# [Exercise]
Draw out every line with the word "Diagram" from the listing below.

☆ ☆ ☆ ☆ ☆ ☆ ☆

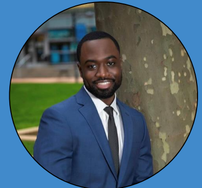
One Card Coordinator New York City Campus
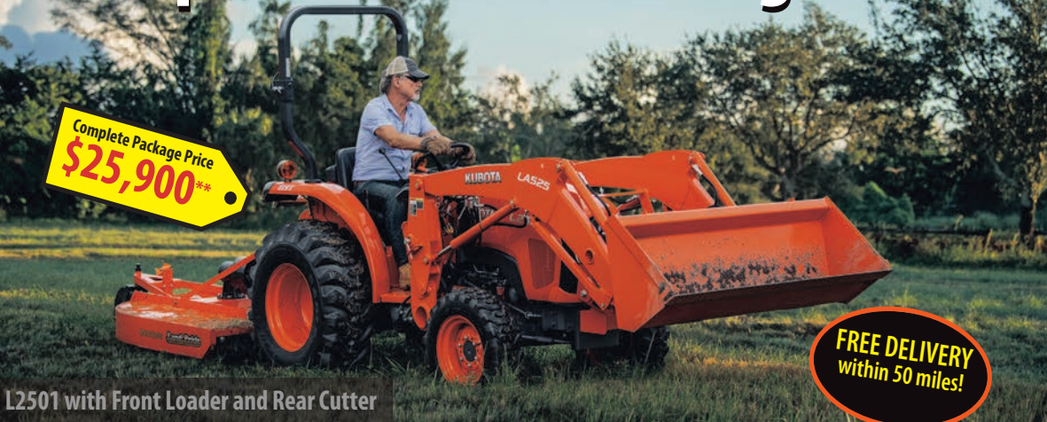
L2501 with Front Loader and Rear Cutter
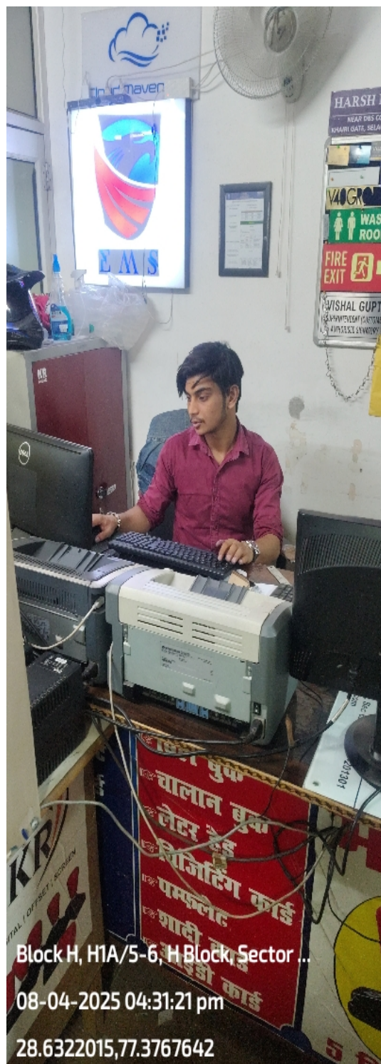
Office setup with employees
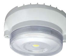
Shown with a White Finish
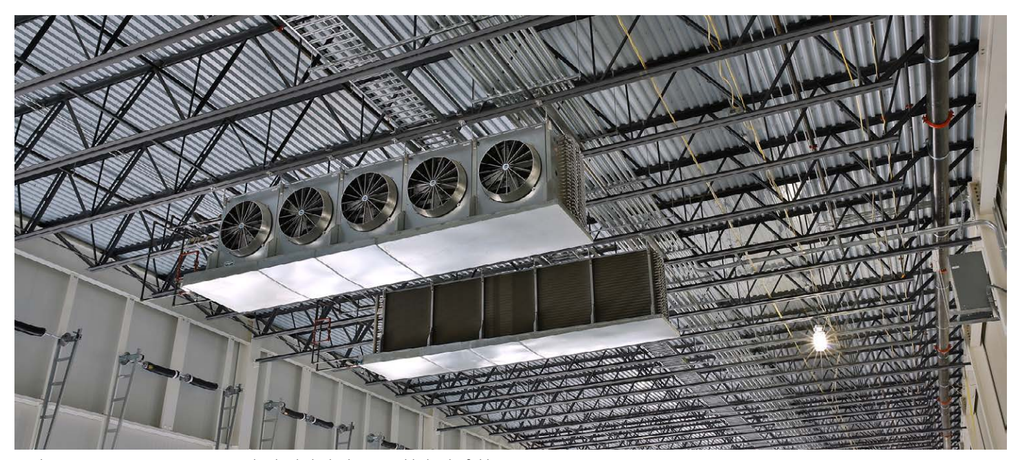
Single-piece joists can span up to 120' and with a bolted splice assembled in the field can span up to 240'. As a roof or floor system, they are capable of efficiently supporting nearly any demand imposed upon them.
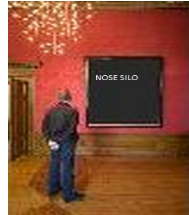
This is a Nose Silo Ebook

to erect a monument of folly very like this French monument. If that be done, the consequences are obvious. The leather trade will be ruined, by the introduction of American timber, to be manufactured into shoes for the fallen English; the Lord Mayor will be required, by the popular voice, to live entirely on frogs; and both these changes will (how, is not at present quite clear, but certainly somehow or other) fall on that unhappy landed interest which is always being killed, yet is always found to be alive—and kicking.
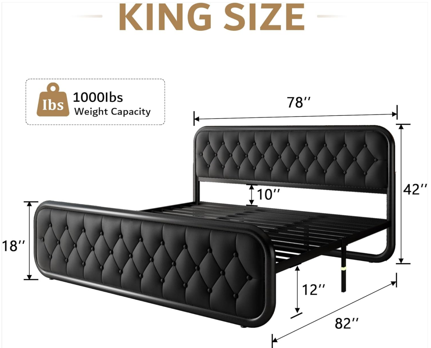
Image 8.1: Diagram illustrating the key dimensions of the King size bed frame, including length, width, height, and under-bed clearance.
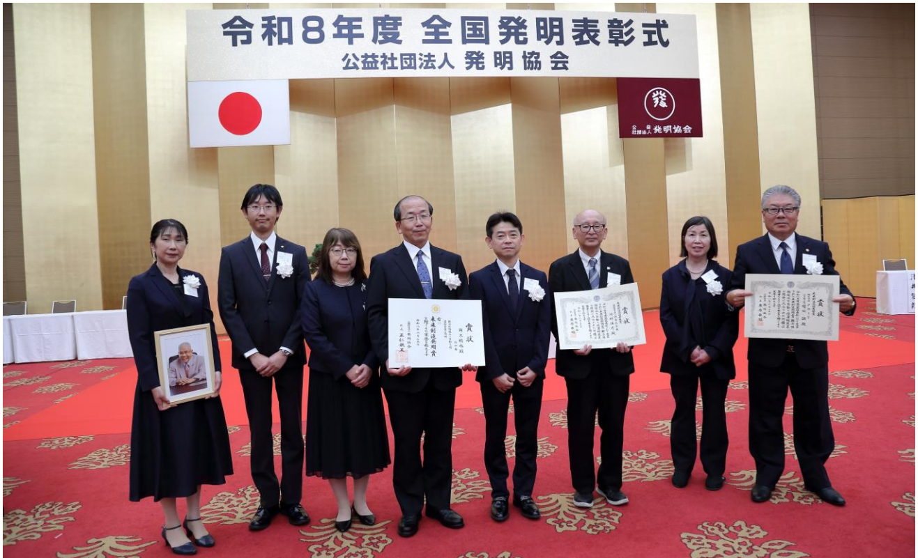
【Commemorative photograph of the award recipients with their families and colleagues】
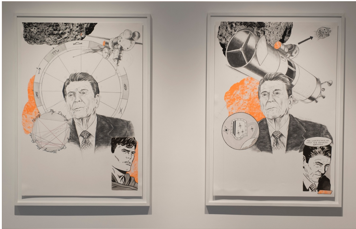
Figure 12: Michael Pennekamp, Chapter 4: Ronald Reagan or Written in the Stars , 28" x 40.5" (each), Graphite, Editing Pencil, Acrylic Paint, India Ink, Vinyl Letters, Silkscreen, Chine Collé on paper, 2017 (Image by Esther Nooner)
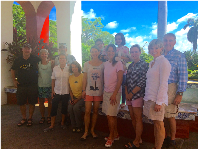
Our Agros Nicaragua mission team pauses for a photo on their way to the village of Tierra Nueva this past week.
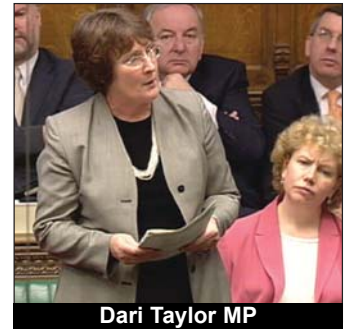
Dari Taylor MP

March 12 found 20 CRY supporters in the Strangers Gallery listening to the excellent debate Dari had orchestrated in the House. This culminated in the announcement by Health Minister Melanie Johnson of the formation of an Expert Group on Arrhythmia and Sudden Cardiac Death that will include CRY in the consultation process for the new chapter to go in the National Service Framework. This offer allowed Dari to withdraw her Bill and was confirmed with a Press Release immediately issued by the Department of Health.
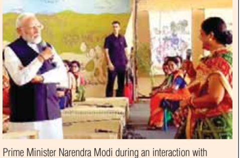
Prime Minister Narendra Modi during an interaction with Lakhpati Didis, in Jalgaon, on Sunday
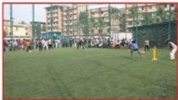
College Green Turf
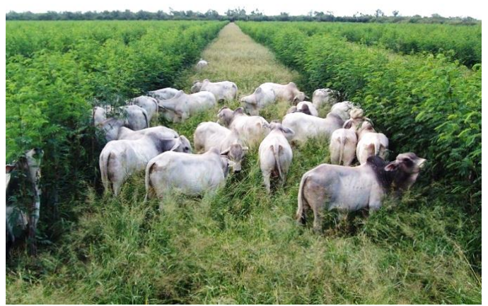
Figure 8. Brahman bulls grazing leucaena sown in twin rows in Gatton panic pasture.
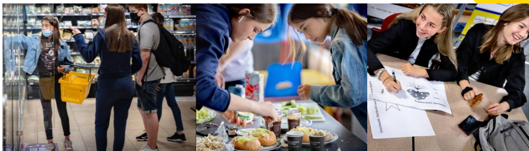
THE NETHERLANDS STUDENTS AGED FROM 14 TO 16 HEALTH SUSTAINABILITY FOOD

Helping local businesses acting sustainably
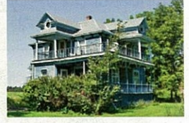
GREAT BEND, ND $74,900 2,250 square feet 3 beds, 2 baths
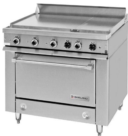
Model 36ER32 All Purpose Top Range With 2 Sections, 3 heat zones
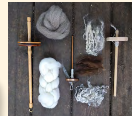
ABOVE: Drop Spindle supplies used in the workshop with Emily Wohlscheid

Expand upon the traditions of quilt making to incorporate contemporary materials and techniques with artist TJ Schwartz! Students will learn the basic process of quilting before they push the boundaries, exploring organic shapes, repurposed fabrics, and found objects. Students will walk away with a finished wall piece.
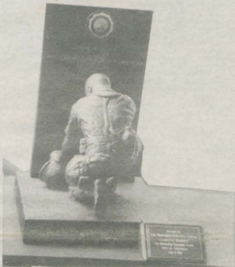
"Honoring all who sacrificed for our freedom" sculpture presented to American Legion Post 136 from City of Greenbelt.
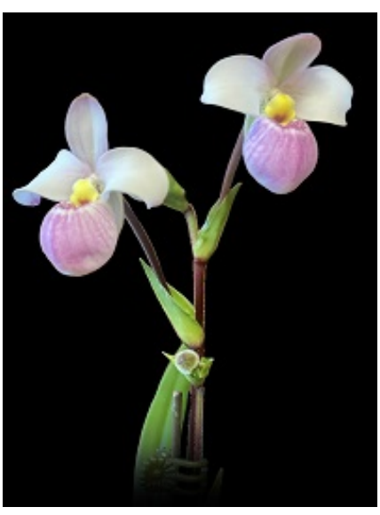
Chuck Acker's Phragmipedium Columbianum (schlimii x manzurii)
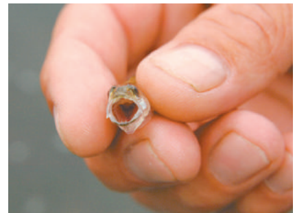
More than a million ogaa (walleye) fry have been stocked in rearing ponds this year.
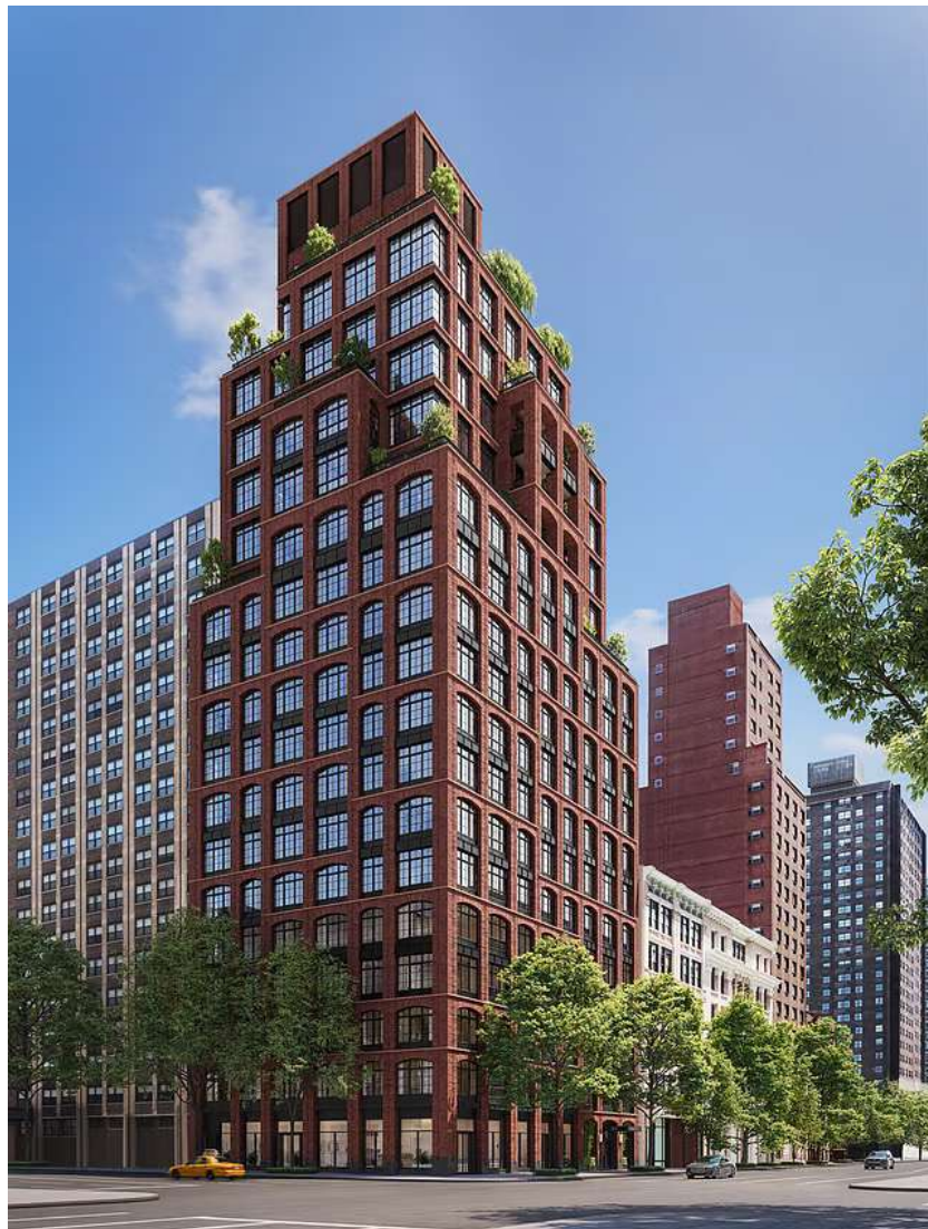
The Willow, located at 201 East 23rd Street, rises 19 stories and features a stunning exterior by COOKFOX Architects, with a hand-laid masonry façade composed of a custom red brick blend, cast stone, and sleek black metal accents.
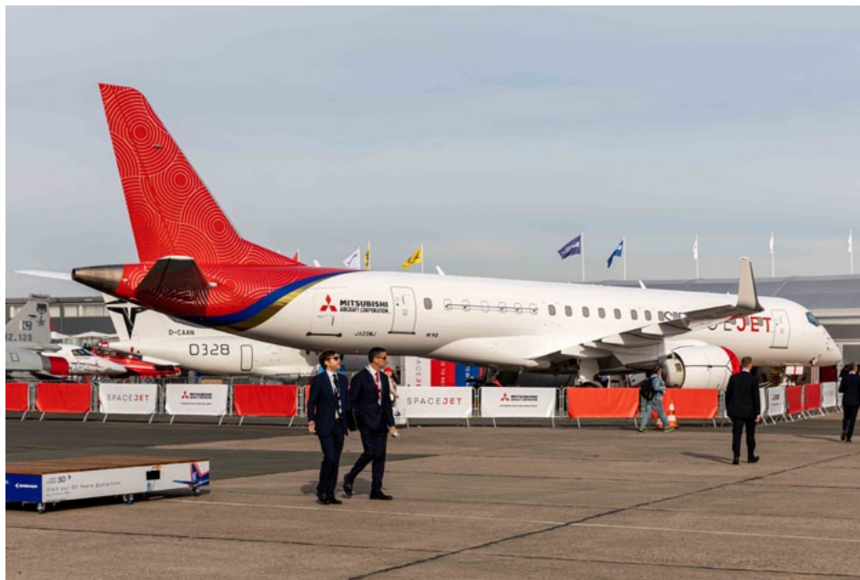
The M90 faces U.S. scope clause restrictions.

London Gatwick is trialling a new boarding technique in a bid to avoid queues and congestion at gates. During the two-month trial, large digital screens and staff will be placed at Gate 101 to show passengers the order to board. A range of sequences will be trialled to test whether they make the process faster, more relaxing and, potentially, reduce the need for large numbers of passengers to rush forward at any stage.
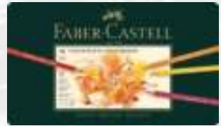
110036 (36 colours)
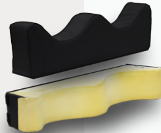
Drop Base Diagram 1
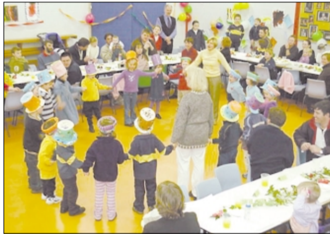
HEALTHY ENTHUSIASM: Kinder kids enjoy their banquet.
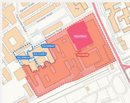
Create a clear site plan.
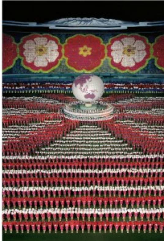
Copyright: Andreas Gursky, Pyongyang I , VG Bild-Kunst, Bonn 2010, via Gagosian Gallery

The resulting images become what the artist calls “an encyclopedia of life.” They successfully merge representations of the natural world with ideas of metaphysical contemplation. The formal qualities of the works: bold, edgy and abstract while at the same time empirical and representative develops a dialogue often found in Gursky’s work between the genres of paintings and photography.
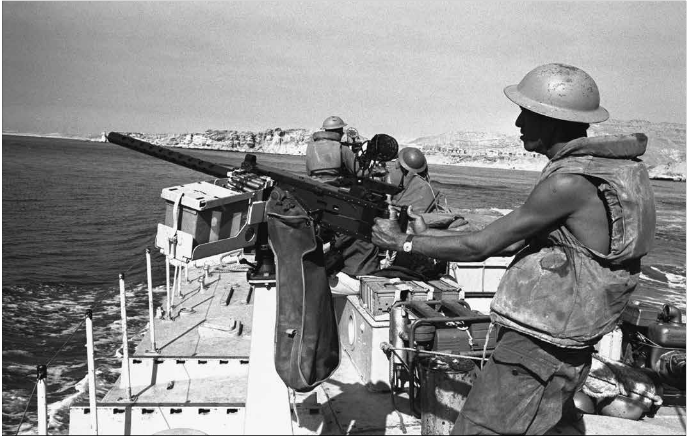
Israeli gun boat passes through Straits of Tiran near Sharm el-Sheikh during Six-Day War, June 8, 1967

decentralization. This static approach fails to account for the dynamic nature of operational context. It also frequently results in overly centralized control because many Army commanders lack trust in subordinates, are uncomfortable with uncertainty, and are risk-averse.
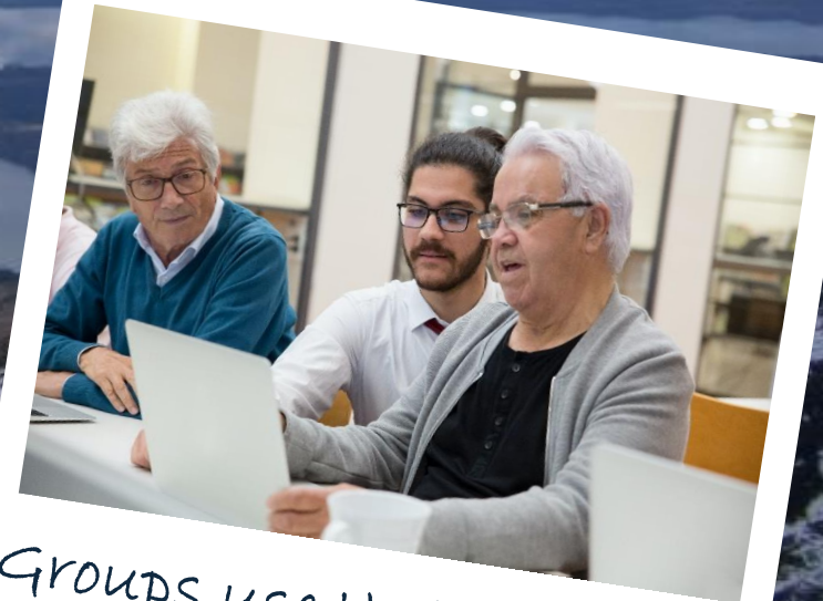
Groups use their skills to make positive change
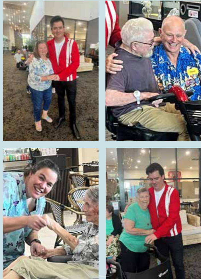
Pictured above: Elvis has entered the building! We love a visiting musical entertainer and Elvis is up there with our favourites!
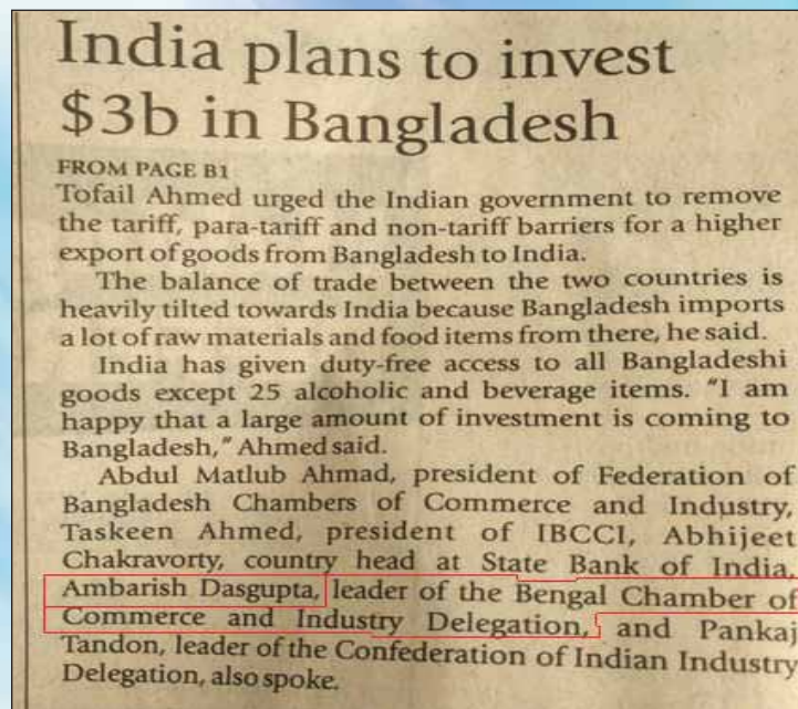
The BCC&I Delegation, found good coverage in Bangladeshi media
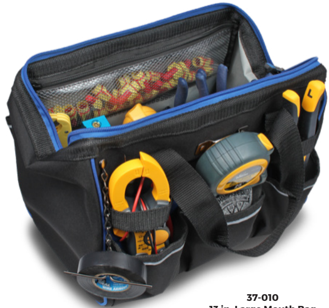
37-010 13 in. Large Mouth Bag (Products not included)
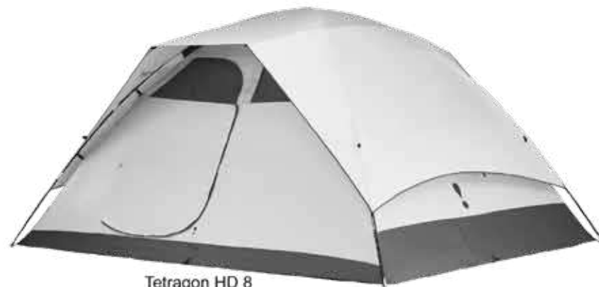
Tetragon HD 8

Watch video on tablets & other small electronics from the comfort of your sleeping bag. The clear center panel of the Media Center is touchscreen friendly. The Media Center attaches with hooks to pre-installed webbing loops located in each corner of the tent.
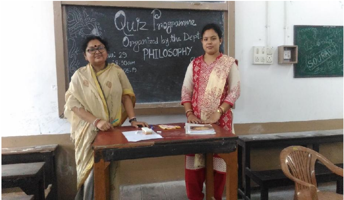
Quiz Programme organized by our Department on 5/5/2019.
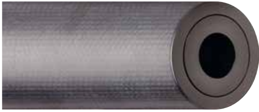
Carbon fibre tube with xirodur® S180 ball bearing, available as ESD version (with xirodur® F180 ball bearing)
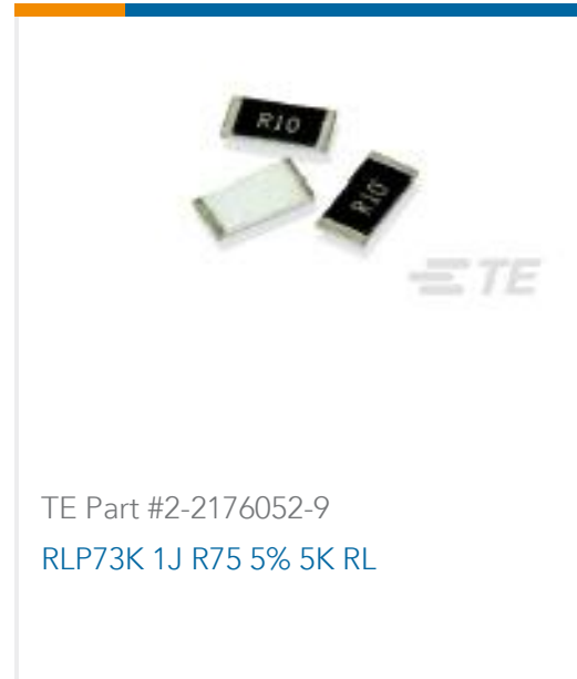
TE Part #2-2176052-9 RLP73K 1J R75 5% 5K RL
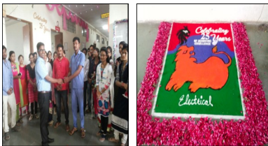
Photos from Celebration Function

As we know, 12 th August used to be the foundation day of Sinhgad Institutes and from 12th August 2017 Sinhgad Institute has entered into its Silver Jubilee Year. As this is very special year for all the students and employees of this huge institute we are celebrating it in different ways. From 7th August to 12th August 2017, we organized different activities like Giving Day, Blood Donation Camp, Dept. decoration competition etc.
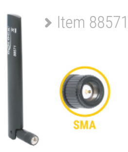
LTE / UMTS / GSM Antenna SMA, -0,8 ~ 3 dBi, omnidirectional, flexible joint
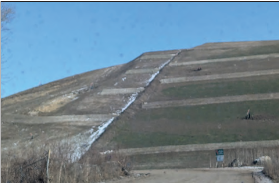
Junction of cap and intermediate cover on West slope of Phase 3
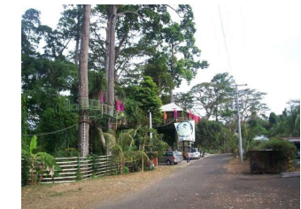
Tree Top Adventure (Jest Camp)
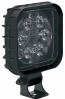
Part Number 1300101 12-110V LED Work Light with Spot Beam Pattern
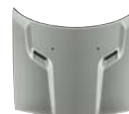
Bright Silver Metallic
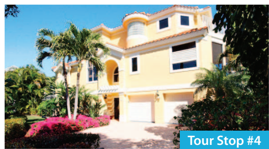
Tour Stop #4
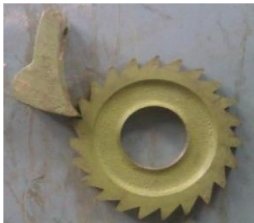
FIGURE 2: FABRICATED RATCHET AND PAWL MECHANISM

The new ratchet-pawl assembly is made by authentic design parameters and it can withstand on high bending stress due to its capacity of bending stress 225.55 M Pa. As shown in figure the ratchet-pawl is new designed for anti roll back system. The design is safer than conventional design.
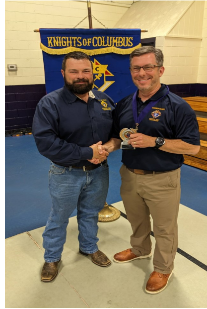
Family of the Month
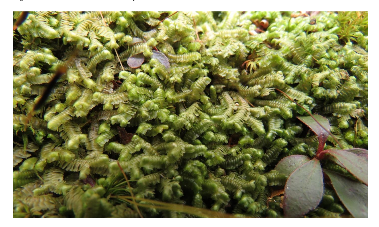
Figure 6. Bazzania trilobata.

☆ ☆ ☆ ☆ ☆ ☆ ☆

# [Your solution]
Image 8.1: Diagram illustrating the key dimensions of the King size bed frame, including length, width, height, and under-bed clearance.
Drop Base Diagram 1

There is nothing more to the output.